Monitoring
Watching the Provisioning Process
Choria Servers publish lifecycle
events, these can be viewed using choria tool event --component provision_mode_server
.
Servers will publish startup
, shutdown
and provisioned
events that will be shown in the rolling display. These lifecycle events are published in JSON mode on the network and could be stored in a Stream for analysis.
$ choria tool event --component provision_mode_server
Waiting for events from topic choria.lifecycle.event.> on nats://broker.choria.local:4222
14:35:46 [startup] n1.choria.local: provision_mode_server version 0.26.15
14:36:30 [provisioned] n1.choria.local: provision_mode_server
14:36:31 [shutdown] n1.choria.local: provision_mode_server
Viewing servers waiting for provisioning
One can view the active connections in the Choria Broker, these are nodes waiting to be provisioned.
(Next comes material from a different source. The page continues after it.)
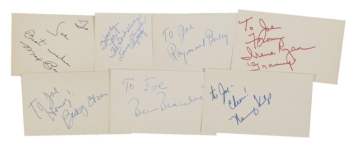 In-person ink and felt tip signatures and inscriptions of Irene Ryan, Buddy Ebsen, Donna Douglas, Max Baer, Nancy Kulp, Raymond Bailey, and Bea Benaderet on individual off-white 5 x 3 cards. Ryan and Douglas have also added their character names. In fine condition.

Typically one would also see connections for the Provisioner in addition to these.
Leader Election
One can determine the node that is currently the leader in the leader election:
$ choria election view provisioner
Election bucket information for CHORIA_LEADER_ELECTION
Created: 01 Jan 01 00:00 +0000
Storage: File
Maximum Time: 1m0s
Replicas: 3 on hosts broker1*, broker2, broker3
Elections: 7
╭───────────────────────────────────────────────╮
│ Active Elections │
├─────────────┬─────────────────────────────────┤
│ Election │ Leader │
├─────────────┼─────────────────────────────────┤
│ provisioner │ provisioner1.choria.local │
╰─────────────┴─────────────────────────────────╯
A re-election can be forced using choria election evict provisioner
.
Prometheus Data
The Provisioner keep statistics in the Prometheus format, using this you can observe deployed counts, performance of individual RPC calls and more.
All the statics have a site
label allowing you to easily aggregate a global cluster of AAA Services.
Statistic | Descriptions |
---|---|
choria_provisioner_rpc_time | How long each RPC request takes |
choria_provisioner_helper_time | How long the helper takes to run |
choria_provisioner_discovered | How many nodes are discovered using the broadcast discovery |
choria_provisioner_event_discovered | How many nodes were discovered due to events being fired about them |
choria_provisioner_discover_cycles | How many discovery cycles were ran |
choria_provisioner_rpc_errors | How many times a RPC request failed |
choria_provisioner_helper_errors | How many times the helper failed to run |
choria_provisioner_discovery_errors | How many times the discovery failed to run |
choria_provisioner_provision_errors | How many times provisioning failed |
choria_provisioner_paused | 1 when the backplane paused operations, 0 otherwise |
choria_provisioner_busy_workers | How many workers are busy processing servers |
choria_provisioner_provisioned | Host many nodes were successfully provisioned |
We have a published Grafana Dashboard for this statistics.